If U.S. had fought COVID like Denmark did, hundreds of thousands of Americans would be alive | Opinion

COPENHAGEN, Denmark — Virtually nobody here wears a face mask on the street or inside shops and restaurants — a huge surprise. It’s almost as if the COVID-19 pandemic were a distant memory.

As soon as I left the Copenhagen airport and took a taxi to the city, the driver — who was not wearing a mask — told me that I didn’t need to wear one in Denmark. “It hasn’t been required for several months,” he said. When we entered the city, I noticed that, indeed, almost no one was wearing a mask.

In Denmark, 72% of the people have been fully vaccinated, as opposed to 51% in the United States, 31% in Argentina and 25% in Mexico. And by almost every standard, Denmark has done much better than the United States and most other countries in fighting the pandemic.

The cumulative number of COVID-19 deaths per million people in Denmark is of 442, compared with 1,904 in the United States, according to Oxford University’s Ourworldindata.org website.

In conversations with Danes from all walks of life, virtually all of them told me the same thing: Denmark has succeeded in its battle against COVID-19 because most of the population followed the advice of government officials and experts from the start.

In early 2020, when the government ordered a stringent lockdown, everybody complied. When the government asked people to get vaccinated, almost everyone did. Government officials say that most of those who didn’t get vaccinated were young people, who thought that COVID-19 posed no threat to them.

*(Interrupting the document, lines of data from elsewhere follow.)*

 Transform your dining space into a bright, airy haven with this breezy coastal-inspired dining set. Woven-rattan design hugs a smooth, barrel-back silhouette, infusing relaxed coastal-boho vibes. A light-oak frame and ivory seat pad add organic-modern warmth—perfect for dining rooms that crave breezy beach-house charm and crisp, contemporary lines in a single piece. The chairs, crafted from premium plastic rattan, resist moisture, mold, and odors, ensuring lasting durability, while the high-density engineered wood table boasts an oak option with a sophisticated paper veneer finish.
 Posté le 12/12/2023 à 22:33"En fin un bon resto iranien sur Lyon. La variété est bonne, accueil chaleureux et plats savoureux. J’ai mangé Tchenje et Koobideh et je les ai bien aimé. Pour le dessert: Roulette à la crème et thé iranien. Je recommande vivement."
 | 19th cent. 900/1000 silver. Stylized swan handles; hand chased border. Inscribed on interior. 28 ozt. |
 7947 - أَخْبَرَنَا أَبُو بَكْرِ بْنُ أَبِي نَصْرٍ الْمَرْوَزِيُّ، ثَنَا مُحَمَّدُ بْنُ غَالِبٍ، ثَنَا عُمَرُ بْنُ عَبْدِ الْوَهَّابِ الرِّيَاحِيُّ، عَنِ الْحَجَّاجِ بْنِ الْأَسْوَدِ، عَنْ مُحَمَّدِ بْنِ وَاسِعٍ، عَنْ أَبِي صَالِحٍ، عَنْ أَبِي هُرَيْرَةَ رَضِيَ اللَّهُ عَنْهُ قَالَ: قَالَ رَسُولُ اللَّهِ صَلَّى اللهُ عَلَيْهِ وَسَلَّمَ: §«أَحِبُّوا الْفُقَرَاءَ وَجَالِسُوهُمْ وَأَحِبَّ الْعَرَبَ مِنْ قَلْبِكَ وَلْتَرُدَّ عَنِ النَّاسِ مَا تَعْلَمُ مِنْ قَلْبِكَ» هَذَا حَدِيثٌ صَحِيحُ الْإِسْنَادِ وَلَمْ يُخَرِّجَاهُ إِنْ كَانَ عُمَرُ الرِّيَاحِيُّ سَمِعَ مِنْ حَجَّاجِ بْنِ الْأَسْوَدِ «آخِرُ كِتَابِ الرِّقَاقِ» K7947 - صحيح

Now, the government is launching a vaccination campaign in schools and colleges, aiming at a full vaccination rate of 90% of the population.

To enter the country, you need to show a negative COVID-19 test taken in the past 72 hours. Every time I went to a restaurant, I had to show proof of vaccination. But the government announced on Aug. 27 that this and all other domestic restrictions will expire on Sept. 10, because the pandemic is “under control.”

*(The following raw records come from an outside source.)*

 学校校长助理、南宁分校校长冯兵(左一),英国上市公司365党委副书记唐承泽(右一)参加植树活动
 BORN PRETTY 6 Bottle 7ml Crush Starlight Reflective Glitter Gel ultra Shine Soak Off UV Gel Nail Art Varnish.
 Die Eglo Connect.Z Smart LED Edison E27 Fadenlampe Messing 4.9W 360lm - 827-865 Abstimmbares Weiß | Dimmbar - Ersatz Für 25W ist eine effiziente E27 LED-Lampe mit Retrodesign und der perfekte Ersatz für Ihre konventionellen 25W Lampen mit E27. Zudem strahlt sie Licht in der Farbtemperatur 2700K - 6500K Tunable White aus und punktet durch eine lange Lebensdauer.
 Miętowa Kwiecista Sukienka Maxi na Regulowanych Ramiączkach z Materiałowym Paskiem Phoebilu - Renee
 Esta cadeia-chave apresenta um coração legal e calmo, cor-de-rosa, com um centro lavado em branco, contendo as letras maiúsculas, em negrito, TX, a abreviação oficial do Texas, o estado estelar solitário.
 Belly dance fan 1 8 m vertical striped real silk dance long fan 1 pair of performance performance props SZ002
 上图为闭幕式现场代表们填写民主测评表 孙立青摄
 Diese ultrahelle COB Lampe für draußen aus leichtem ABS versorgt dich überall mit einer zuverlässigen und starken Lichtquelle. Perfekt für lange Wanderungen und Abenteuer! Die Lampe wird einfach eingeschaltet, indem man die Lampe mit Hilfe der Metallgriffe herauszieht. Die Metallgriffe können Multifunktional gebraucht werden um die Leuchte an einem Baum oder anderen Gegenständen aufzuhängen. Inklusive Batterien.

“We believe in authorities, we believe in experts,” Bertel Haarder, a member of Parliament and former education and culture minister, told me in an interview. “When experts tell us that we should get vaccinated, then the Danes have a tendency to get vaccinated.”

Gert Tinggaard Svendsen, a professor of comparative politics at Aarhus University and author of a book on trust, agrees.

“Here, people trust the government,” Svensen told me. “When the government told Danes that vaccines were good for you, people trusted the government.”

Compare this to the United States where, possible cultural differences aside, we had a president — Donald Trump — who, unlike Danish leaders, minimized the pandemic from the very start. In February 2020, when Danish officials announced they were about to order a national lockdown, Trump was saying that “It’s going to be just fine,” and “I’m not concerned at all.”

Worse, Trump didn’t set an example by wearing a mask in public, often mocked those who did and, at one point suggested that people should inject themselves with a disinfectant to fight COVID-19.

From then on, things in America only got worse. The Republican Party — with a few honorable exceptions — has abandoned common sense by following in Trump’s footsteps, fighting mask mandates and failing to actively campaign for mass vaccinations, hoping to hurt President Biden’s initially successful offensive against the virus.

That’s insane. It’s costing thousands of American lives — many more than those lost in Afghanistan, or any other war.

Let’s follow Denmark’s example. I’m not suggesting to put all our trust in our politicians, because we’ve had a bad experience with that. But we should follow what the consensus of the scientific community says: Get vaccinated, wear a mask, and keep your distance!